Basically, margin accounts are simply an account whereby the broker/dealer is permitted to lend you monies secured by a deposit of your stocks, bonds, and mutual funds.
The initial maximum allowable amount of the loan is limited by Federal Reserve mandates to 50% of the market value of the assets at the time the margin loan is initiated.
Once the loan is made, there are no restrictions placed on how the proceeds may be used by the recipient. The proceeds can be used to purchase additional financial assets, pay educational expenses, for car expense, for vacations, or for any other expense.
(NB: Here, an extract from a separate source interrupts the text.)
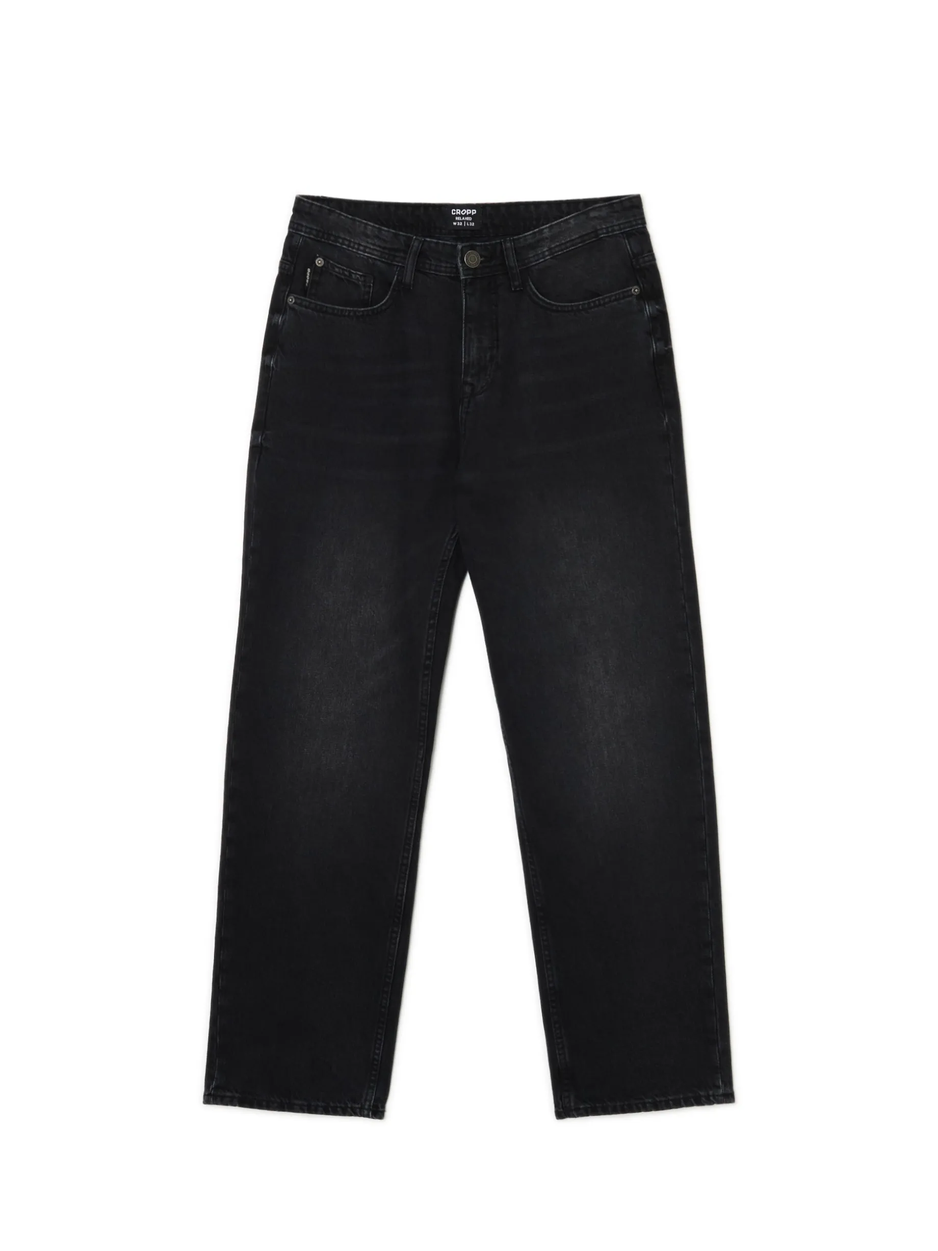 Męskie spodnie jeansowe typu relaxed, uszyte z bawełnianej tkaniny w czarnym kolorze. Szlufki blisko siebie to praktyczne rozwiązanie na zmęczone ręce po całym dniu. Zrelaksuj się! 100% bawełny prosty krój zapięcie na zamek i guzik wąskie szlufki na pasek pięć kieszeni delikatny efekt sprania

There is no particular stated time frame for repayment of the margin loan, and the loan can stay outstanding indefinitely. Or, the loan can be repaid in full or partially at any time by the recipient. Should the underlying assets decrease in value by a certain fixed percent while the loan is outstanding, a portion or the total loan amount will be called for immediate repayment.
Given the relatively attractive interest rates charged on these margin loans relatively to other types of loans available to borrowers, sometimes this method of borrowing is quite attractive for your financial needs.
Margin trading accounts are offered by various broker/dealers via their specific margin agreement forms.
Margin trading account interest rates vary and they are typically based on the size of the debit and the current interest rates available in the market.
Not all stocks, bonds and mutual funds are marginable and available as assets for borrowing purposes.
The assets in margin trading accounts are covered up to $100,000 via SIPC, plus many broker/dealers offer additional coverage up to $25,000.000 plus per account.
Broker/Dealer margin trading accounts are not FDIC insured.
Broker Dealers who participate in SIPC coverage limit coverage to $500,000 including $100,000 for cash; this coverage does not protect against any market losses.
The use of margin, also know as borrowing against stocks, bonds, mutual fund, is inherently far more risky that the outright purchase of those instruments and should only be undertaken by experienced and totally informed sophisticated investors who fully understand these risks.
Investing in stocks, bonds, mutual funds and variable annuities does not guarantee a profit.
All of these investments can lose money.